Roughly one in two people with cardiovascular disease has no standard modifiable risk factors.
One local expert is leading the charge to find new, faster ways to identify cardiovascular disease risk in people with no standard risk factors.
“I spend a lot of time looking at people who are having heart attacks, who are looking up at me going, ‘why me?’ This is particularly [common in] women who really don’t think that coronary artery disease is going to be the thing that gets them… despite the fact that we’ve been very aware of coronary disease being one of the greatest killers of women and the biggest cause of impaired quality of life for over three decades.”
That’s how Professor Gemma Figtree, a cardiologist from the Royal North Shore Hospital and the University of Sydney, opened her plenary presentation on the unique landscape of cardiovascular health in women at the recent World Congress on Menopause.
One example was her friend and colleague Jennifer Tucker, who was diagnosed with acute coronary syndrome in her mid-30s, despite not having any of the risk factors traditionally associated with cardiovascular disease.
“We call her SmuRF-less – someone with no standard, modifiable risk factors,” Professor Figtree said.
Local data from the Royal North Shore Hospital suggests that up to 25% of first-time heart attack patients don’t have any SmuRFs – a figure that has increased over the last ten years.
“That’s probably because we’re getting better at treating traditional risk factors, and [now] we’re just seeing what’s always been there, which is a lot of stuff that’s not explained by the things we easily understand now,” said Professor Figtree.
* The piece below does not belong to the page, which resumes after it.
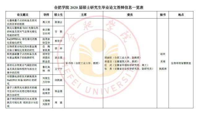 合肥學院2020屆碩士研究生畢業(yè)論文答辯公告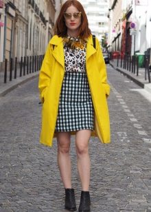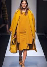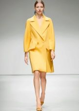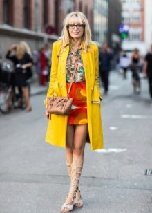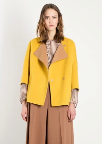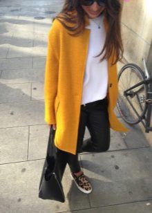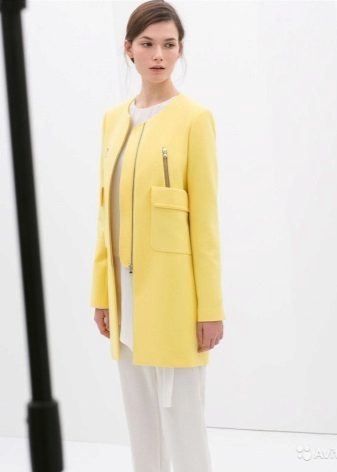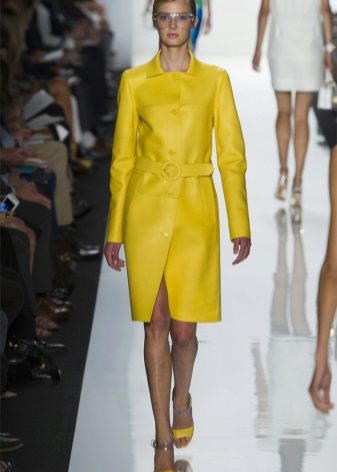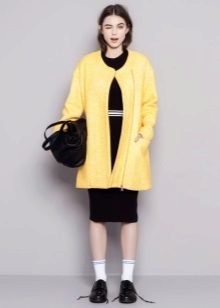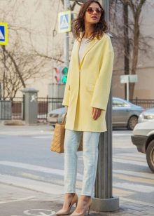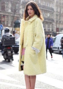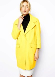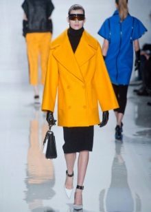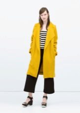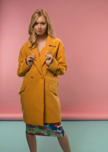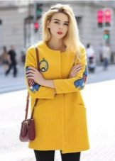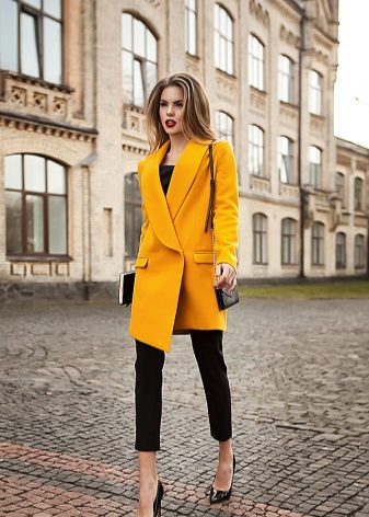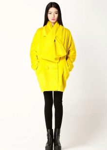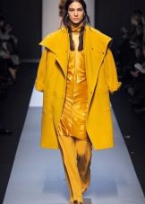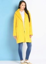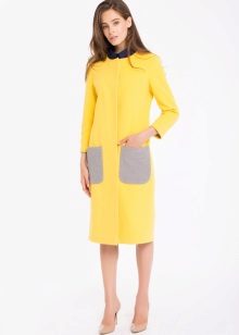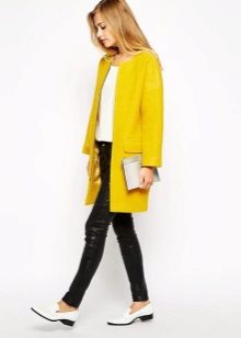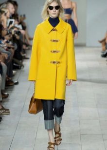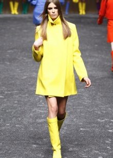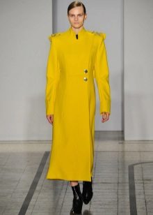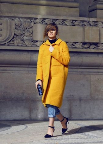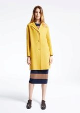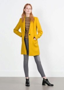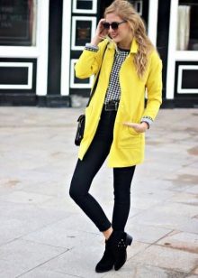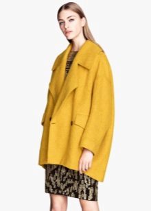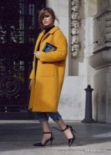 Give preference to a sleek cut and clear smooth lines. The yellow color in itself attracts attention, so the elaborate cut does not need such a coat at all.

In 2023 the Global Cardiovascular Risk Consortium, which pooled over data from over 1.5 million patients from 112 cohort studies conducted in 34 countries, published similar findings: only 50-odd percent of cardiovascular disease occurred in people with at least one of five common, modifiable risk factors – BMI, blood pressure, non-HDL cholesterol, smoking or diabetes.
An international collaboration during the covid pandemic provided Professor Figtree and her collaborators the opportunity to explore the outcomes of SMuRF-less patients who experience a STEMI using data from the Swedish myocardial infarction registry, SWEDEHEART. The findings, published in The Lancet, left Professor Figtree “astonished”.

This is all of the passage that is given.